Eine weit verbreitete Annahme ist, dass durch eine geringe relative Luftfeuchte die Schleimhäute austrocknen und dadurch Erkältungskrankheiten begünstigt werden. Diese Annahme bestätigte das BGIA (Berufsgenossenschaftliche Institut für Arbeitsschutz) im Rahmen einer Literaturstudie aber nicht. Normalerweise wird die eingeatnete Luft durch die Nasenschleimhäute befeuchtet, so dass auch unter ungünstigen Klimabedingungen keine gesundheitlichen Risiken resultieren. Gegebenenfalls besteht allerdings ein erhöhter Flüssigkeitsbedarf, um die an die Luft abgegebene Feuchtigkeit zu ersetzen.

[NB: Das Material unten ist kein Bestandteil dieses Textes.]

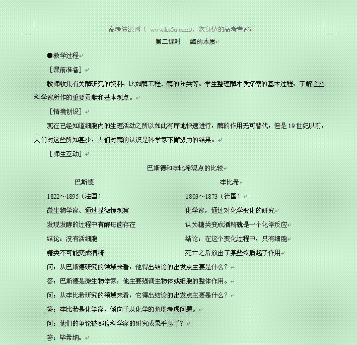 百度:2014届高一生物新课标示范教案:降低化学反应活化能的酶 第2课时(人教版)
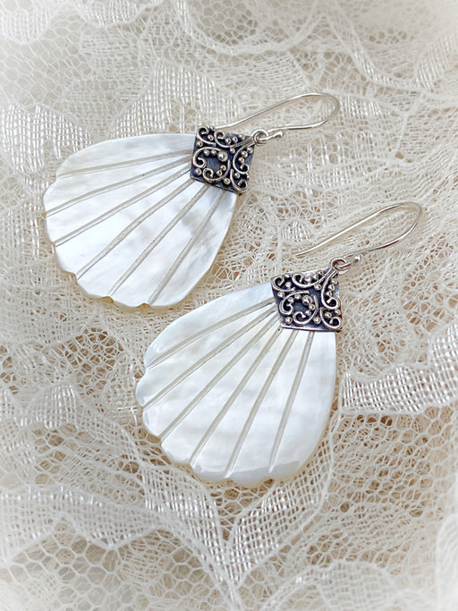 Original price $ 36.00 - Original price $ 36.00Original price$ 36.00$ 36.00 - $ 36.00Current price $ 36.00| /These fabulous statement earrings feature dangles of creamy iridescent mother of pearl shell that has been carved into a fan shape and topped with ...
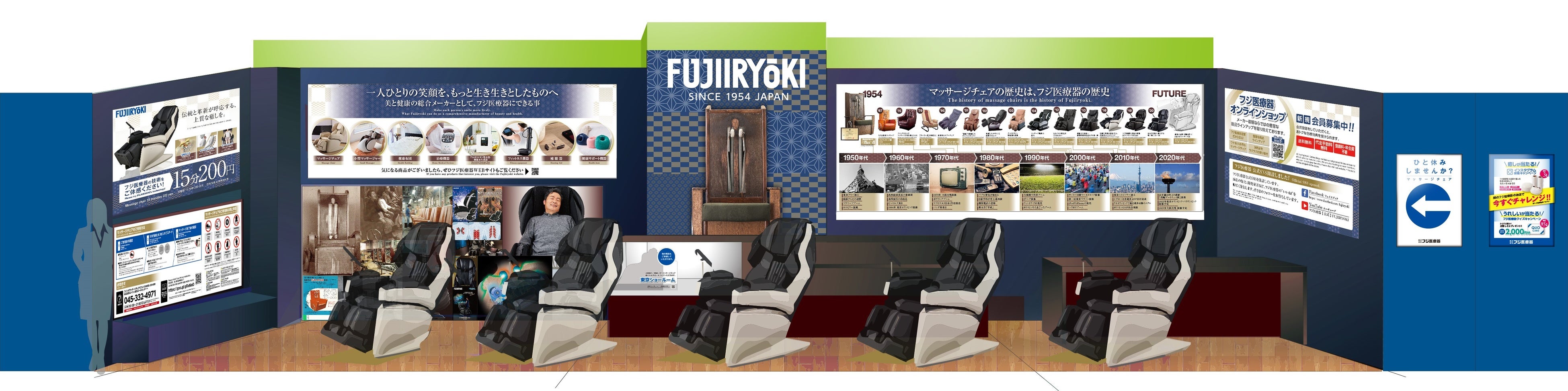 マッサージチェアなどの製造・販売・輸出入を行うフジ医療器が“マッサージチェアの進化”を 見学、体験できるくつろぎ空間を提案します。マッサージチェアを体感できるスペースには、外国人のお客さまも安心して試していただけるよう、多言語(日本語・英語・中国語・韓国語)の使い方ガイドをご用意。マッサージチェアの歴史と技術の変遷は日本語と英語のパネルで解説しています。
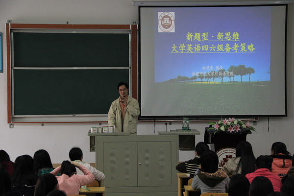 11月21日,“闽科讲坛”邀请福建师范大学外语教学部主任林明金教授在菲华教学楼c#102作了题为“新题型·新思维—大学英语四六级备考策略”的讲座。讲座由我院外语系常务副主任孙文缘主持。
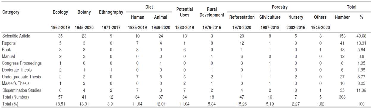 Finally, the texts were also classified according to the type of academic product (CONACYT, 2021a), into: 1) Scientific article, which included texts published in journals with ISSN (International Standard Serial Number); 2) Book, texts published by editorials with ISBN (International Standard Book Number); 3) Thesis: Undergraduate, Master's and Doctorate's; 4) Manual, including those documents without ISSN or ISBN where instructions are set out for the collection, dissemination and harvest of the species; 5) Complete congress proceedings; 6) Dissemination work, which included newspaper articles, interviews and online texts where opinions or advances are expressed that have not been subjected to a process of scientific review; and 7) Report, which included studies that only describe topics around the species, and were reported as products of research projects.
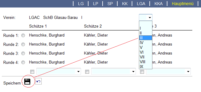 Aus dem Klappfenster die „Mannschafts-Nr.“ wählen und dann auf Speichern.

Die Luftfeuchtigkeit in Räumen sollte möglichst nicht unter 40 % sinken, um elektrostatische Aufladungen und längeres Verweilen von Staub in der Luft zu vermeiden. Werden mobile Luftbefeuchter eingesetzt, sollten diese nach Möglichkeit ein BG-PRÜFZERT-Zeichen besitzen, wobei auch diese regelmäßig gereinigt werden müssen.

Dieser Artikel sollte nur einige Ursachen möglicher körperlicher Beeinträchtigungen durch Innenraumluftverunreinigungen bzw. -problemen aufzeigen. Ausführlichere Informationen zu einzelnen Verunreinigungen der Innenraumluft, über hygienische, bauliche und raumklimatische Anforderungen und die Vorgehensweise in Beschwerdefällen enthält z.B. der "Leitfaden für die Innenraumlufthygiene in Schulgebäuden". Er kann beim Umweltbundesamt kostenlos bezogen oder aus dem Internet heruntergeladen werden. Darüber hinaus können sich Mitgliedsbetriebe und Versicherte bei ähnlichen Problemen jederzeit an die Unfallkasse wenden. Die Unterstützung erfolgt dann im Rahmen vorhandener Möglichkeiten.